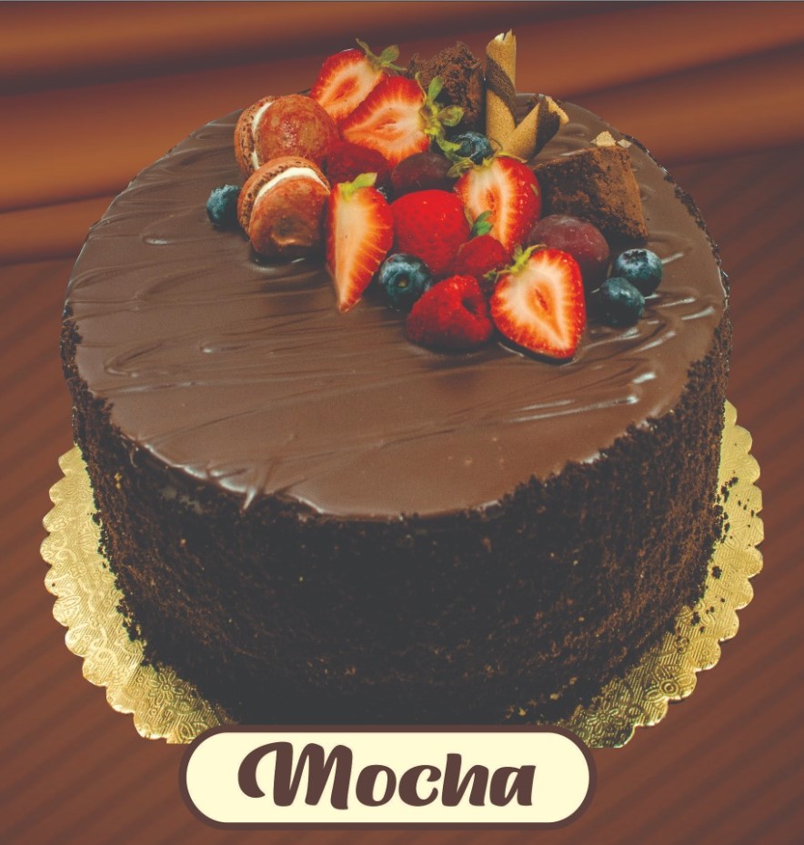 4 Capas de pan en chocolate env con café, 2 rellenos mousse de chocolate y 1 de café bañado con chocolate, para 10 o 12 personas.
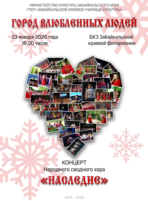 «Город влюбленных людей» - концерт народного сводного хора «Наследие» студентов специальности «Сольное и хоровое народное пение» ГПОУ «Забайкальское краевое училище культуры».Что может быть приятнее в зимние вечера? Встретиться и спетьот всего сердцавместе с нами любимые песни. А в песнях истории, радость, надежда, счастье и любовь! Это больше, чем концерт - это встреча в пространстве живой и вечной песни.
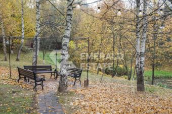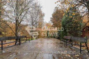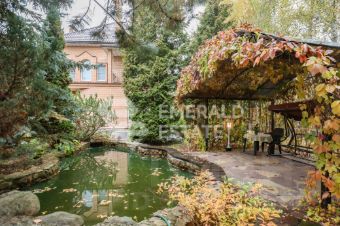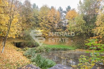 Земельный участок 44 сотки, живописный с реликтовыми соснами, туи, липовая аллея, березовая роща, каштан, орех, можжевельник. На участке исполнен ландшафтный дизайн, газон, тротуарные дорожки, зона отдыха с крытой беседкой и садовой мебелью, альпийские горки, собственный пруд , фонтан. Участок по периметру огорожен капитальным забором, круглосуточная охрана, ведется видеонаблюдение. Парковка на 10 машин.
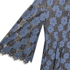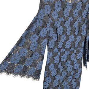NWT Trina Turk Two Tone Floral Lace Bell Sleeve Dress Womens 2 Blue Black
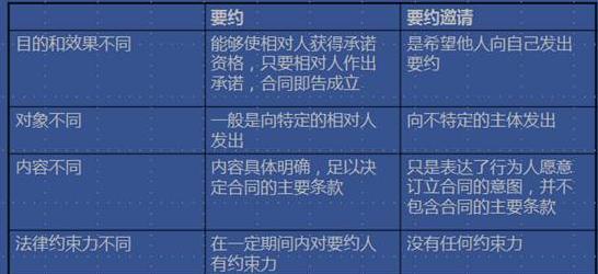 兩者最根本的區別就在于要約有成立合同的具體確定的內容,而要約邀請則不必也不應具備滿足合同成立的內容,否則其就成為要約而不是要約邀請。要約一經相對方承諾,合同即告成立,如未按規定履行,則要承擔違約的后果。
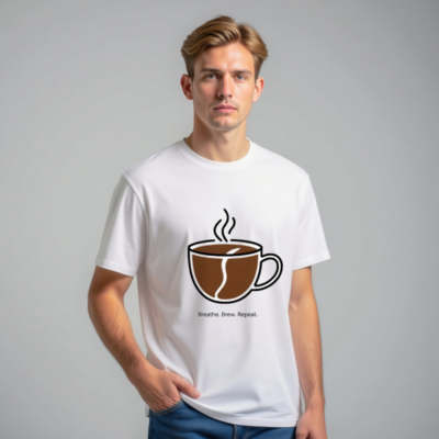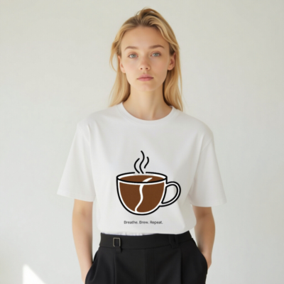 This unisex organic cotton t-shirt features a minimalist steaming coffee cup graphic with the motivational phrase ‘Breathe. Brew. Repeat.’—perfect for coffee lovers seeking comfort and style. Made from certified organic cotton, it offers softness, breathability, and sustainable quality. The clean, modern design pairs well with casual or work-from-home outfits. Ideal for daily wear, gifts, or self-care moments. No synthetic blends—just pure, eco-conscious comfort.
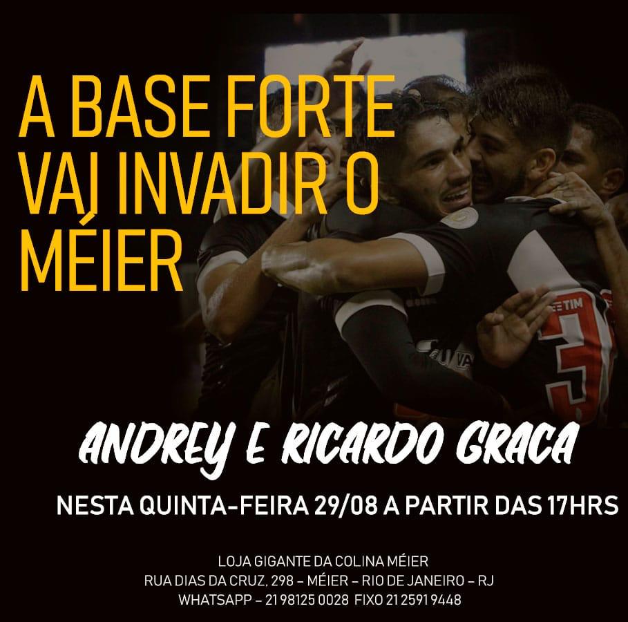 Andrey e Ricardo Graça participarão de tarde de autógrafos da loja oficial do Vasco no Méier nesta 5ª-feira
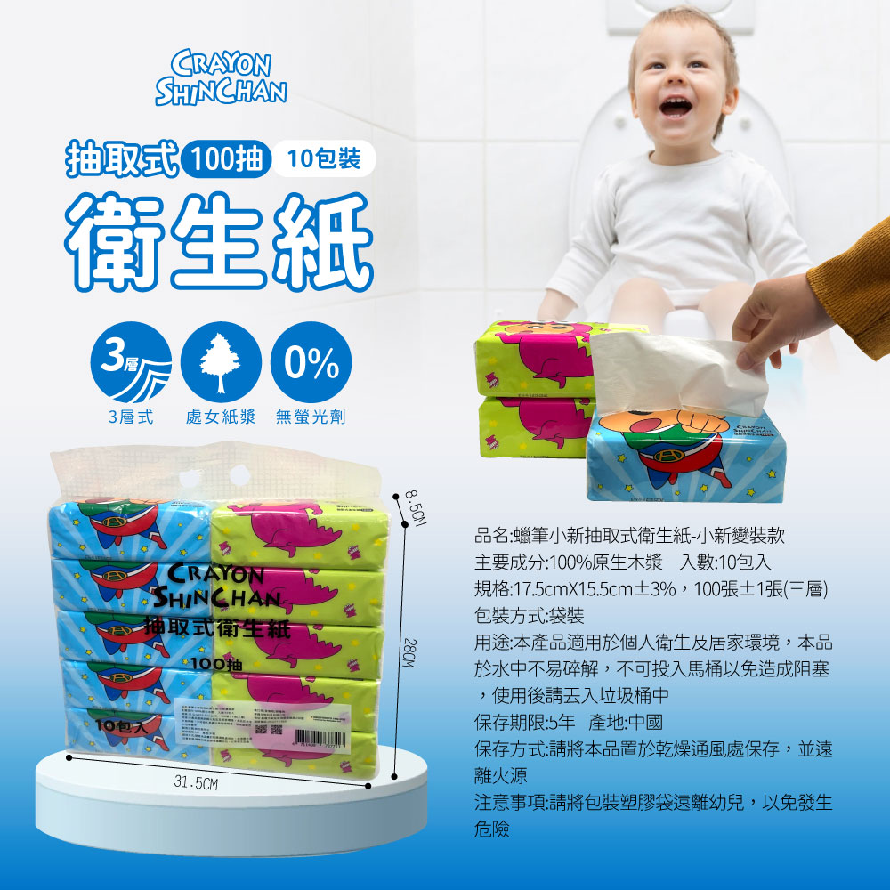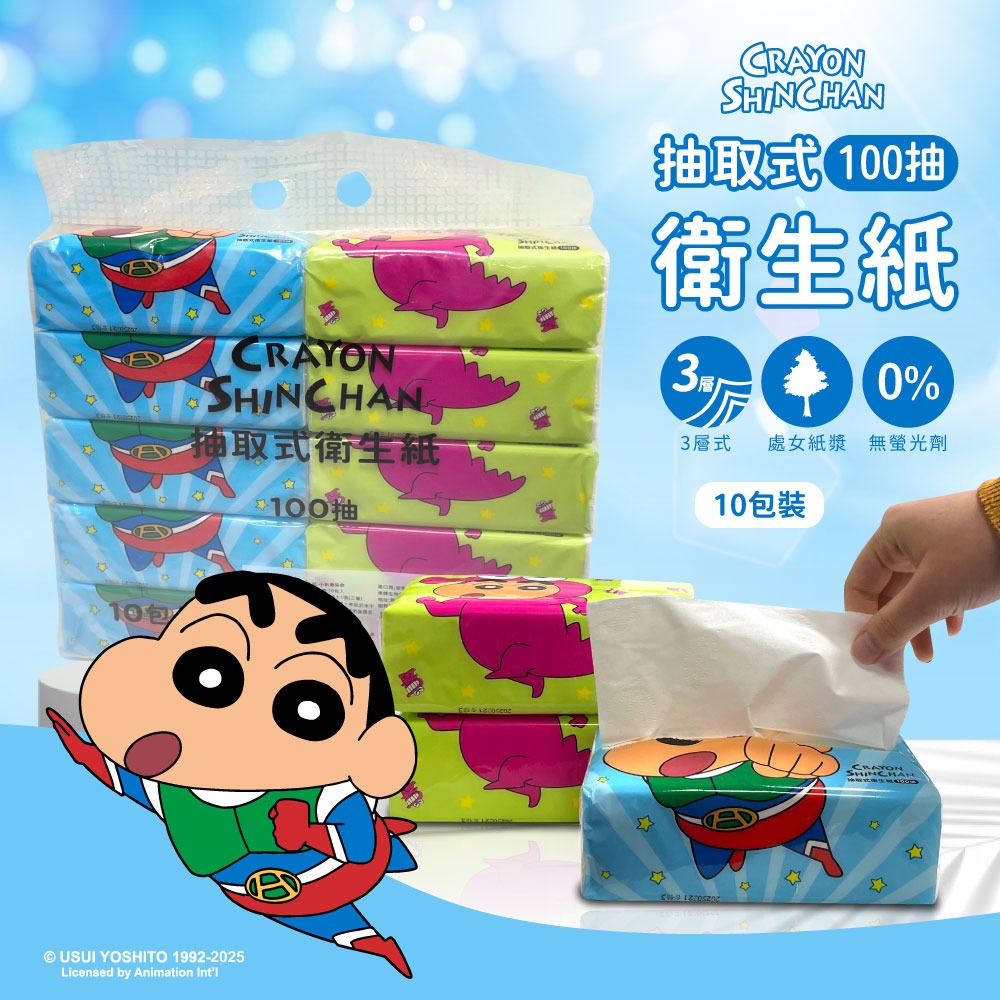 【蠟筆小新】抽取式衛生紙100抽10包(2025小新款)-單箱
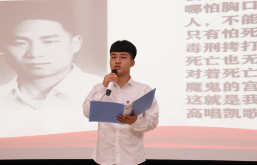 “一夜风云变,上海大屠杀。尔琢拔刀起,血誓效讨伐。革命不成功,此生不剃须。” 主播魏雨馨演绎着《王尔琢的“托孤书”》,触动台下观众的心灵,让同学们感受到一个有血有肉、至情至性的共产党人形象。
---
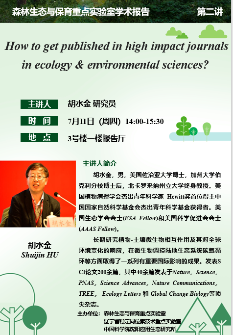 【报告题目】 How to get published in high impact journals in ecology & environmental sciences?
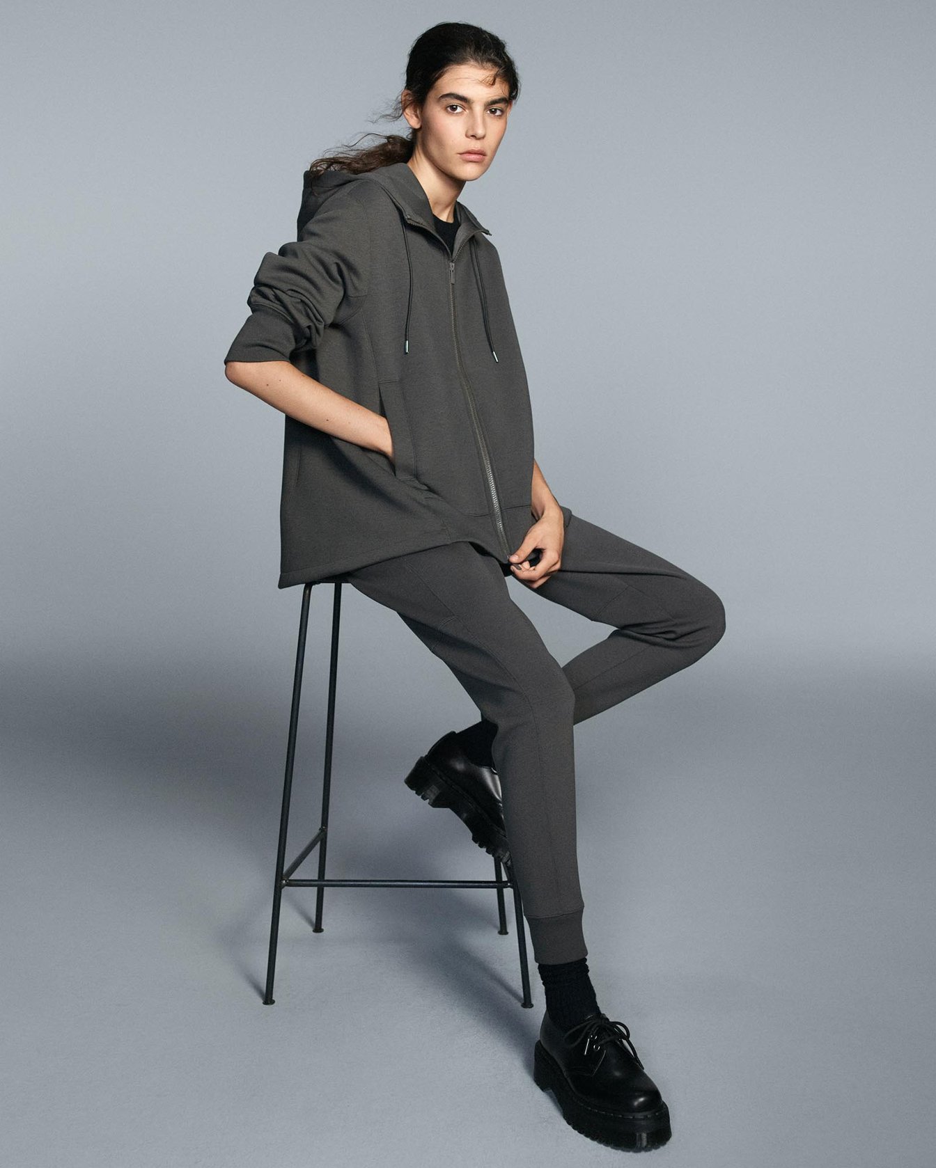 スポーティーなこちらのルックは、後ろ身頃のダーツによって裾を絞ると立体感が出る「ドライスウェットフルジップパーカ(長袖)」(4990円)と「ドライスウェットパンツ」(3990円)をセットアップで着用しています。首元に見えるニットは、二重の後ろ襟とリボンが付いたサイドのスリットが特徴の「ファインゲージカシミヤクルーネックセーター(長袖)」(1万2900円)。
...
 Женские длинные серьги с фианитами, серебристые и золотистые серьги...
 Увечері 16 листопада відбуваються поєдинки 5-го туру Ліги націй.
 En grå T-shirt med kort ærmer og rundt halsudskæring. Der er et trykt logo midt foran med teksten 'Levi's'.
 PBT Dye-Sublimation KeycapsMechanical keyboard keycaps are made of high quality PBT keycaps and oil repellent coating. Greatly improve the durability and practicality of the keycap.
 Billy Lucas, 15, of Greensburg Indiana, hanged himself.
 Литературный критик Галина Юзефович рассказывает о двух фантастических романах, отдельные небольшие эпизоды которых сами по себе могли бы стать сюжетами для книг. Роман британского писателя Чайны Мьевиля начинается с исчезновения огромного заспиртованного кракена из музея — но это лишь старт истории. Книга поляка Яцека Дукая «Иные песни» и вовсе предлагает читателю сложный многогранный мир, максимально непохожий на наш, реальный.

DIRECTIONS: Copy out each line of the data above, exactly, if it lies between the line holding "Женские длинные серьги" and the line holding "En grå T-shirt", inclusive; copy no other line.

SOLUTION:
 Женские длинные серьги с фианитами, серебристые и золотистые серьги...
 Увечері 16 листопада відбуваються поєдинки 5-го туру Ліги націй.
 En grå T-shirt med kort ærmer og rundt halsudskæring. Der er et trykt logo midt foran med teksten 'Levi's'.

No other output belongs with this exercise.